• Required action
Retype the lines of the material below, exactly and only, from the one containing "Show moreIntroducing the" through the last line, with pictures left out.

• The data
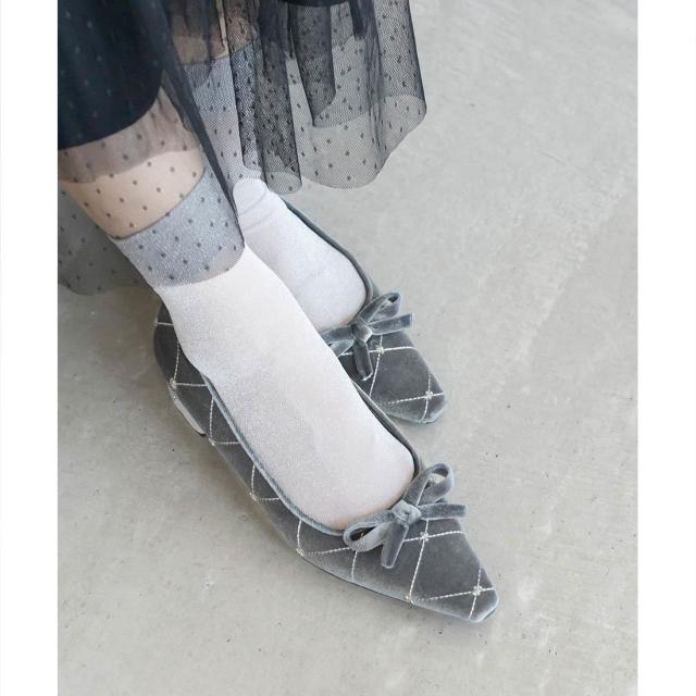 華奢なビーズを施したキルティングデザインがキャッチーな足元を演出してくれるパンプス。
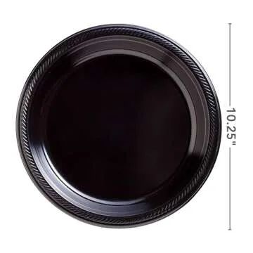 Show moreIntroducing the Amscan Black Big Party Pack Round Plastic Plates—the ultimate solution to elevate your dining experience at any event. These stunning jet black plates boast an eye-catching design, effortlessly enhancing your table settings, and making them a centerpiece of your party supplies. Measuring 10.25 inches in diameter, these round plates are not only stylish but also large enough to accommodate generous portions for all your guests. Made from high-quality, durable plastic, these plates can handle everything from appetizers to full meals without the risk of bending or breaking. Cleanup is a breeze, allowing you to focus on celebrating rather than worrying about messy dishes.
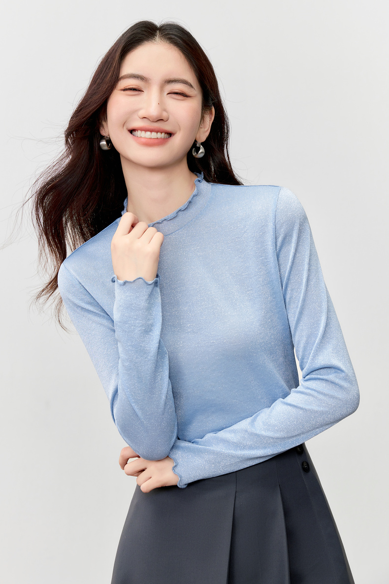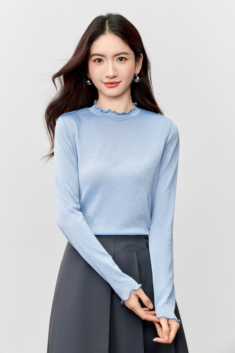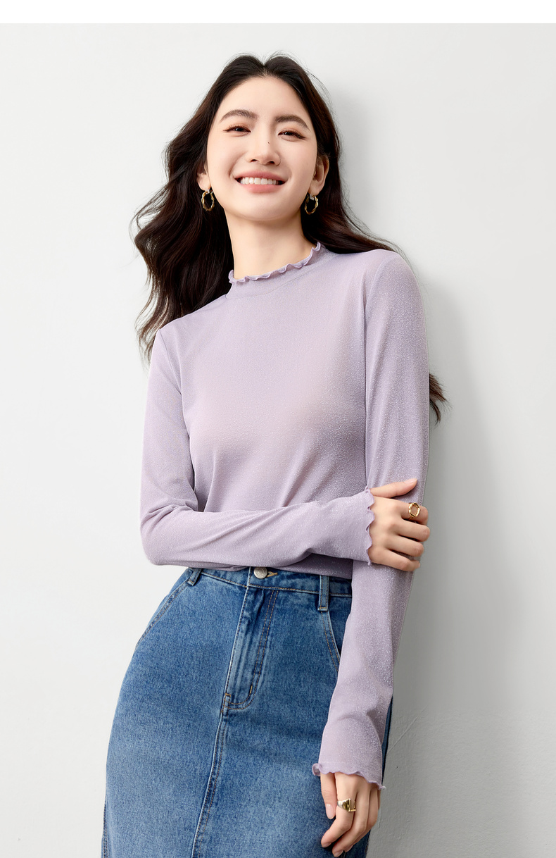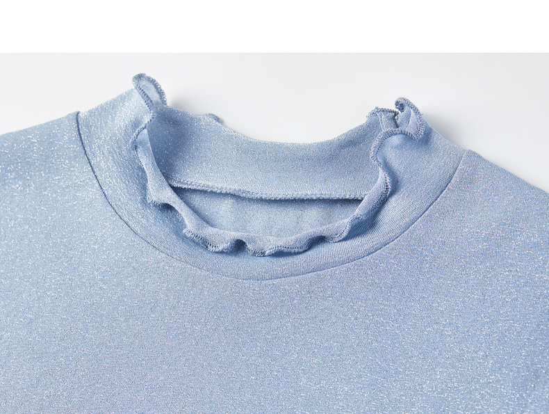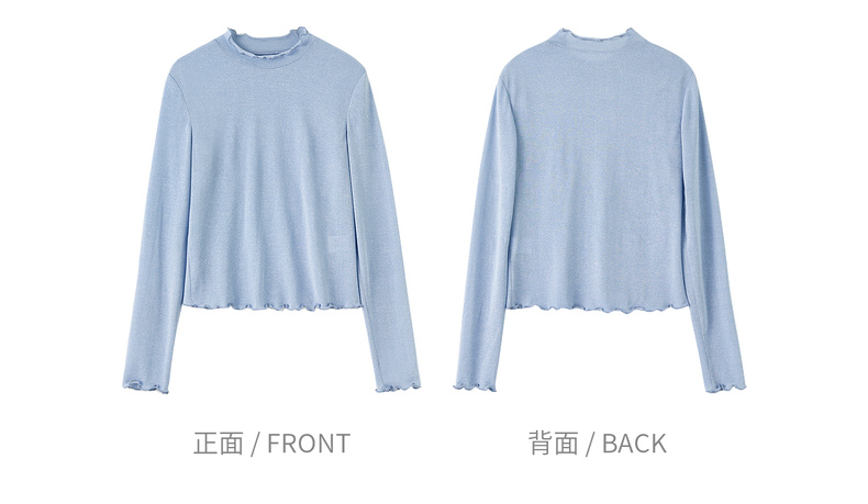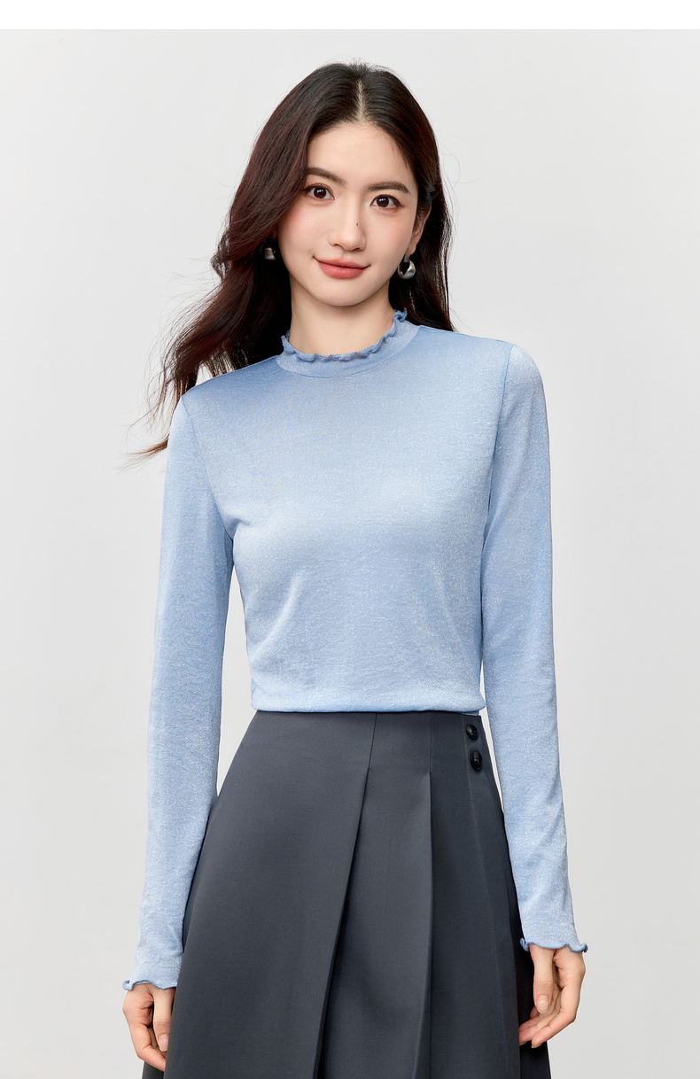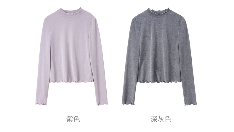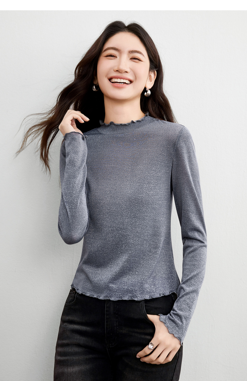 【内购】【通搭三季】优雅通勤波浪边半高领长袖修身银丝针织外穿内搭T恤-153TN2717

• Response to this exercise
 Show moreIntroducing the Amscan Black Big Party Pack Round Plastic Plates—the ultimate solution to elevate your dining experience at any event. These stunning jet black plates boast an eye-catching design, effortlessly enhancing your table settings, and making them a centerpiece of your party supplies. Measuring 10.25 inches in diameter, these round plates are not only stylish but also large enough to accommodate generous portions for all your guests. Made from high-quality, durable plastic, these plates can handle everything from appetizers to full meals without the risk of bending or breaking. Cleanup is a breeze, allowing you to focus on celebrating rather than worrying about messy dishes.
 【内购】【通搭三季】优雅通勤波浪边半高领长袖修身银丝针织外穿内搭T恤-153TN2717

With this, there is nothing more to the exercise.